FinCriticalED — Visual Benchmark for Financial Fact-Level OCR

Post 43 · Evaluation

FinCriticalED

The first benchmark that measures what really matters in financial OCR: not character accuracy, but whether decision-critical facts survive extraction intact.

    Paper: "FinCriticalED: A Visual Benchmark for Financial Fact-Level OCR Evaluation"

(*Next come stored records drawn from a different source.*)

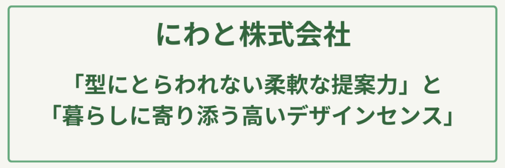 | ポイント | スタッフ全員が若い職人で構成された、業界屈指の機動力と柔軟な提案力/東広島から全国まで幅広く対応可能なフットワークの軽さ/アンティーク資材やウッドフェンスなど、現代的なリフォームの実績が豊富/「春・夏・秋・冬」の心を指針とした、誠実で真心込めた施工品質/1級造園技能士等の有資格者在籍による確かな技術力(※会社概要に基づく) |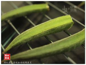 取出烤好的秋葵,食用时撒点椒盐即可食用。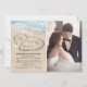 Nous avons répondu à l'invitation de célébrer avec le littoral bleu de l'océan, un coeur sculpté dans le sable, une photo du couple heureux, et un modèle marié qui est facile à personnaliser.
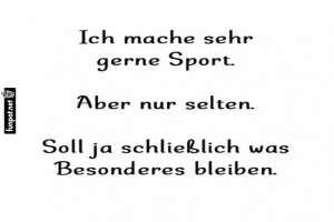 | Sport machen: Besonders und selten Bild (88.93 KB) Lustiges → klasse Sprüche und Witze | Lustiges → klasse Sprüche und Witze | 29.03.-19:02 | |||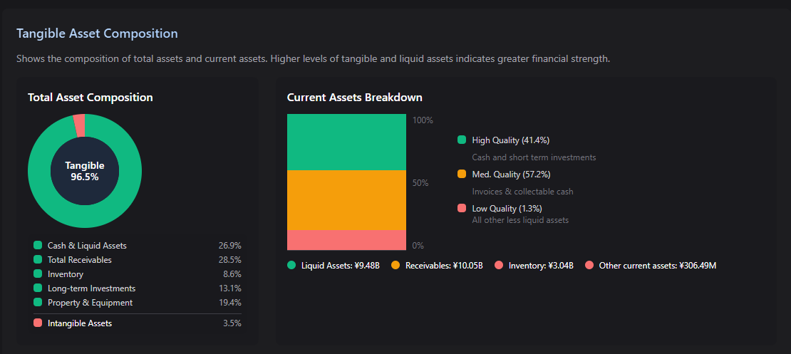 The company holds ¥11.25B in highly liquid cash and securities (Cash ¥2.27B + Securities ¥5.83B + Investment Securities ¥3.15B).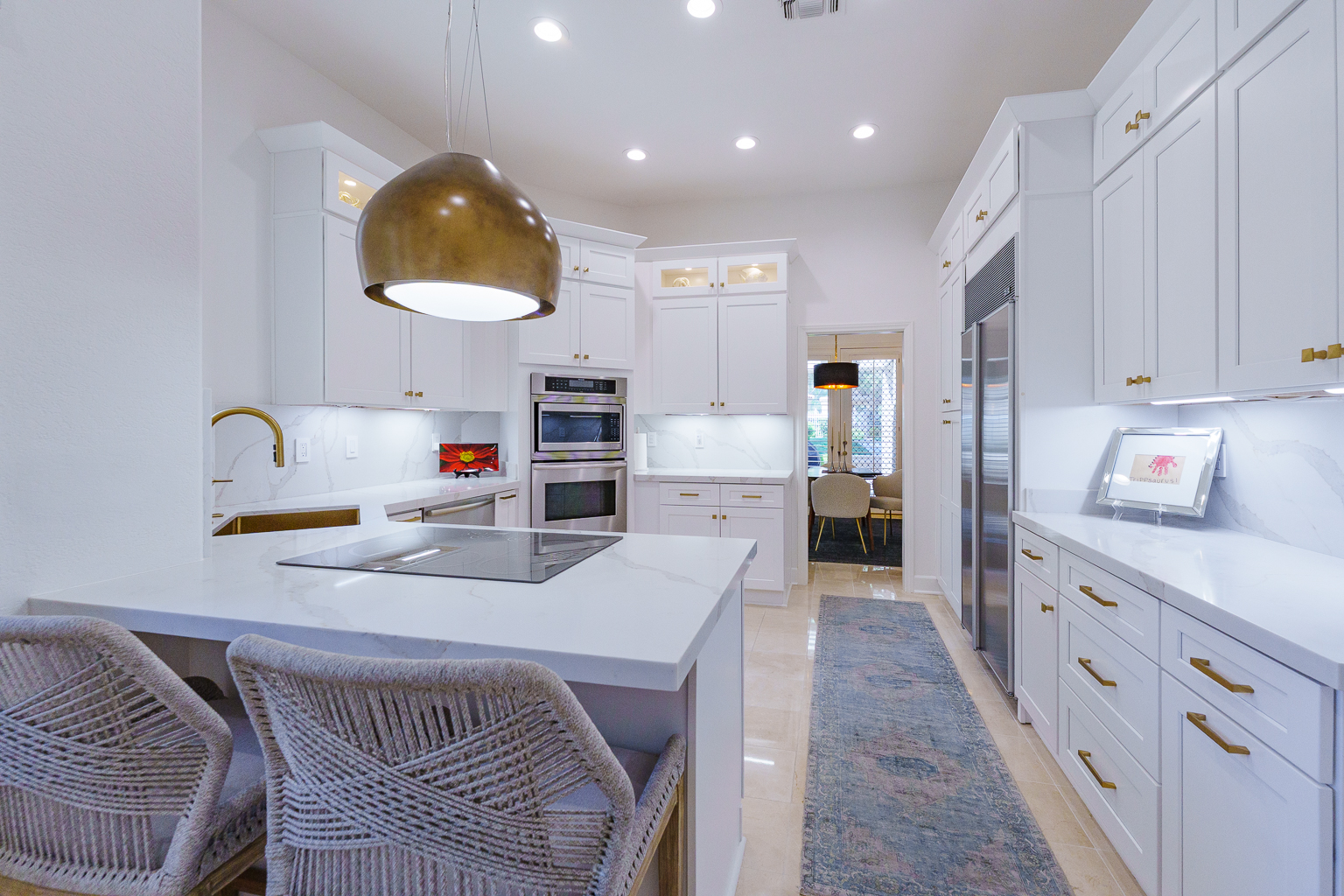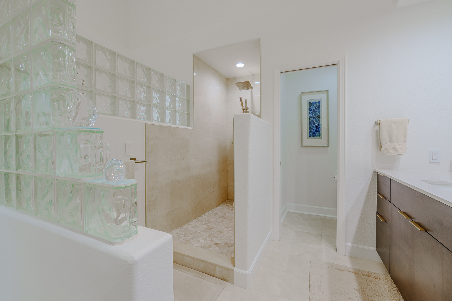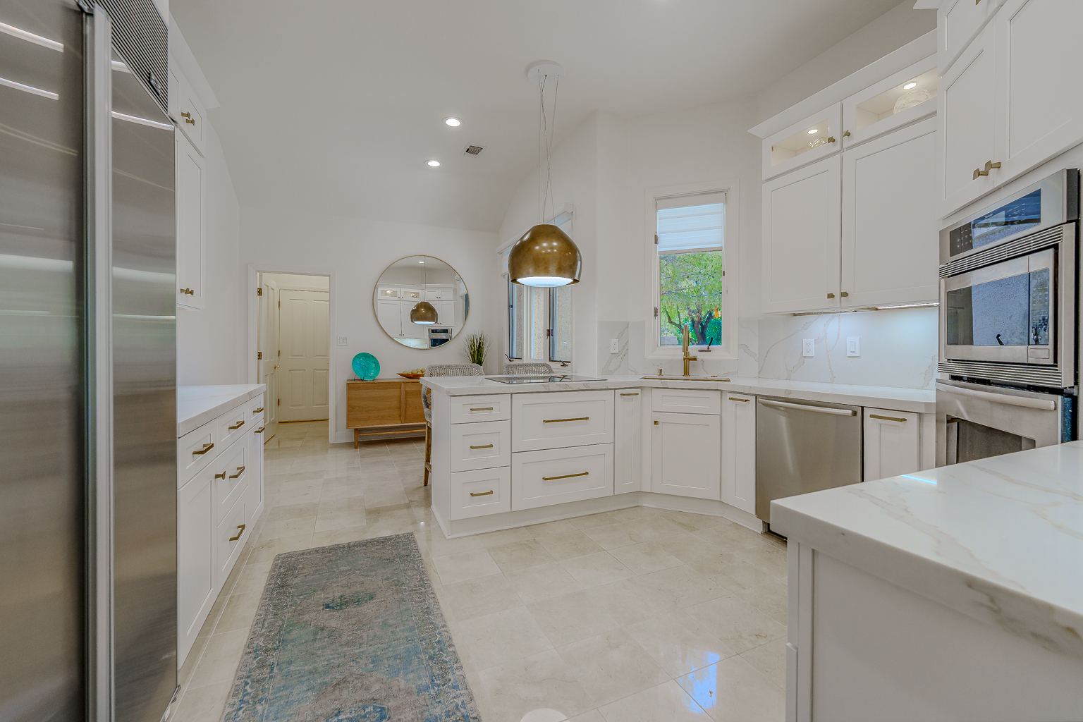 Over $150,000 in recent updating. The new kitchen features custom lighted glass cabinets, Quartz counters, Monogram Induction cooktop, Thermador oven and microwave, Bosch dishwasher, Sub Zero, undermount sink, new faucet and pull out drawers. One story (no steps). Marble floors. Vaulted ceilings. 2 fireplaces. Shutters. Enlarged walk out shower in primary bath. Garage has separate storage room. Enclosed tiled courtyard and patio. On cul-de-sac. On the greenbelt.

    Yueru He, Xueqing Peng et al. · arXiv 2511.14998 · 2025–2026

The Core Problem

Standard OCR benchmarks measure character-level accuracy. But in finance, a single digit error — $1.2B → $12B — is catastrophic even if 99.9% of characters are correct.

The Solution

FinCriticalED shifts evaluation to fact-level accuracy — did the model correctly preserve the 9,481 expert-annotated decision-critical facts across 859 real financial documents?

The Finding

Even the best frontier models fail on numerical and monetary unit extraction in visually complex financial documents. High OCR accuracy ≠ financial fact fidelity.

0

Real financial
document pages

0

Expert-annotated
critical facts

0

Models
benchmarked

0

Fact categories
evaluated

The Problem

The OCR Accuracy Trap

Why "99% accurate" OCR is dangerously misleading for financial documents.

Surface Accuracy vs Fact Accuracy

Original document text

          Total revenue: $1,234,567,890

          Fiscal year ended: December 31, 2024

          Currency: USD (thousands)

          Reporting entity: Apex Financial Corp.

↓ OCR extraction

OCR output — 98.7% character accuracy

          Total revenue: $1,234,567,890 $1,234,567,800 ⚠

          Fiscal year ended: December 31, 2024 ✓

          Currency: USD (thousands) USD (millions) ⚠

          Reporting entity: Apex Financial Corp. ✓

2 fact errors, 98.7% char accuracy. The revenue is off by $90 and the unit multiplier is wrong — meaning the reported figure is actually off by a factor of 1,000×.

Why Existing Benchmarks Miss This

CER / WER — Character & Word Error Rate

Measures how many characters or words differ between OCR output and ground truth. A 90-character number correct in 89 characters = 98.9% CER. But the number is wrong — and the financial impact is enormous.

BLEU / ROUGE — Sequence Overlap

n-gram overlap metrics designed for translation/summarisation. They reward matching word sequences — but a monetary unit change ("thousands" → "millions") scores well because 1 of 2 words matches.

F1 / Exact Match

Better than CER/WER but still treat all tokens equally. The word "the" and the number "$1,234,567,890" have identical weight — even though one is decision-critical and the other is not.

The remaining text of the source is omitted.